One Hour One Life dev struggles with unofficial port
Jason Rohrer stands by decision to release game into the public domain despite problems with customer confusion around mobile adaptation
For the past 15 years, independent developer Jason Rohrer has released all of his work into the public domain. He's apparently never run into serious issues as a result of that decision before, but he's having trouble with an unofficial mobile port of his latest title, the PC game One Hour One Life.
In an open letter on his game's forums last week, Rohrer talked about One Hour One Life for Mobile, an unofficial adaptation of his game by Swedish developer Dual Decade that has become commercially successful. Launched last year, One Hour One Life for Mobile has met with some commercial success, landing in the top 10 most downloaded Japanese apps on the App Store and recently climbing as high as 12 on the Chinese App Store charts, according to App Annie.
It is the Chinese version of the game that sparked Rohrer's letter. While the previous versions of the mobile game made note that they were unofficial adaptations of Rohrer's original PC game in the app descriptions and in-game splash screens, Rohrer said that a demo released on Chinese store TapTap last week contained no such notice. (The Chinese App Store version of the game as saved by App Annie auto-translates the game's subtitle as "genuine licensed game.")
Rohrer noted the amount of confusion the game caused even when it had the disclaimers about unauthorized adaptations. He dealt with customer complaints about elements of the game that Dual Decade had added for its version, received refund requests when the game didn't work on someone's phone, and saw gaming sites review One Hour One Life for Mobile believing it to be an official port of the game.
"I feel like a great deal of damage has already been done to my legacy and reputation as a designer, and an unfathomable amount of additional damage will be done in the future..."
Jason Rohrer
Rohrer said he requested Dual Decade make some changes to the game to specify more clearly and in more places that it is a derivative, unauthorized adaptation, but the studio has refused. The description on the App Store and Google Play currently describes the game as "the unofficial expanded version of Jason Rohrer's desktop game 'One Hour One Life,'" but Rohrer has asked for the name of the app to include the word "Unofficial" and for the description to start by specifying it as an unofficial adaptation not approved by the original author.

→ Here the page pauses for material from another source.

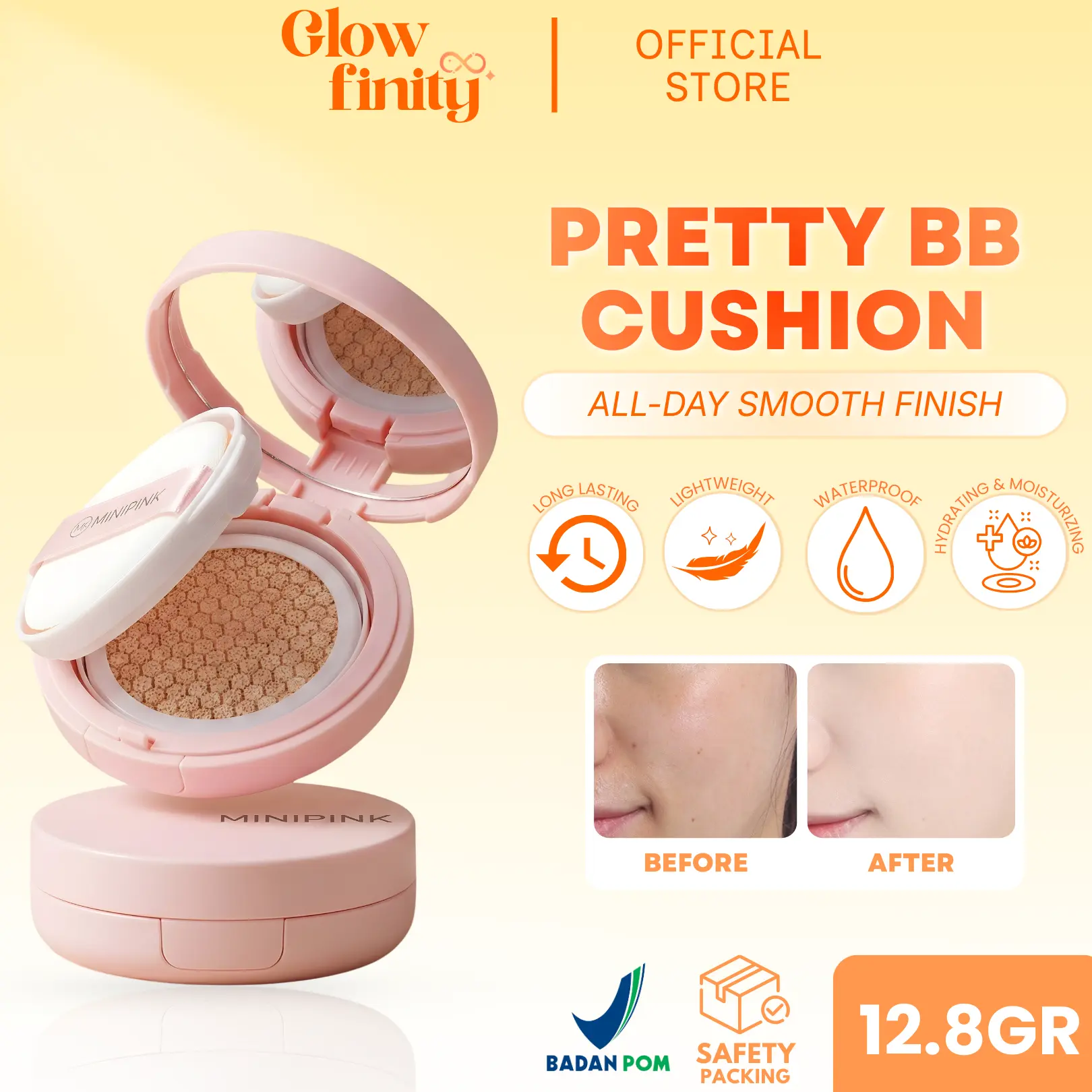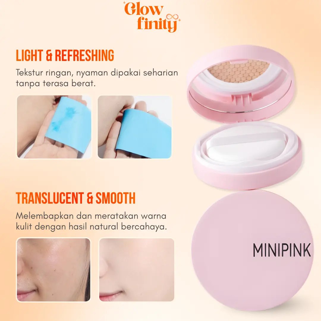 MINIPINK Pretty BB Cushion Makeup Base Wajah Full Coverage Natural & Flawless Finish Lasting MP031

"Well, they did offer me a cut of the money," he acknowledged. "They always have. They still are offering me a cut. They want to be the official mobile port. I just don't want the money. Not in exchange for "officially approving" of something that I had no hand in making. There won't be an 'official' mobile port of the game.
"I don't just slap my name on stuff in exchange for money. That's not how I operate. If you ever see a Jason Rohrer game, you know it's really a Jason Rohrer game."
(Roher did acknowledge the DSiWare versions of his games Anthology and Primrose were ported by others, but "it just wasn't my work, and it didn't feel entirely right.")
After going back and forth with a Dual Decade developer for several days, Rohrer has apparently resigned himself to not getting the specific relief he sought.
"This has been going on for more than four days, and I have more pressing matters to attend to (family, GDC talk, more One Hour One Life updates). So, at this point, I guess I give up," Rohrer said. "I have withdrawn my dispute submissions from Apple, Google, and TapTap.
"I feel like a great deal of damage has already been done to my legacy and reputation as a designer, and an unfathomable amount of additional damage will be done in the future, if the current course with the mobile adaptation isn't altered. I can imagine a situation in the future where One Hour One Life becomes widely known, but the vast majority of people in the world mistakenly believe that the mobile version is the original version, and that DualDecade alone authored it, or that I am part of Dual Decade, and that I approved the changes that they have made. If that comes to pass, that situation will haunt me for the rest of my life. We're pretty close to that already, at least in China and Japan."
Despite the situation not having been resolved to his satisfaction, Rohrer said from the start he does not regret releasing his game into the public domain and giving up whatever copyright and trademark rights he would otherwise have had.
"I don't think copyright is the right tool to prevent such harms. The truth does not expire after limited terms. The truth doesn't change or become irrelevant 70 years after the death of the author. The truth doesn't need copyright. The truth just needs people who are willing to tell it.
"The truth now, for whoever is willing to tell it, is that the mobile version has gone from 'unofficial and not specifically approved' to 'specifically unapproved and directly against my wishes as the original creator,' only because of the way that its presentation has misled people in the past, and will continue to mislead people in the future, in its current form."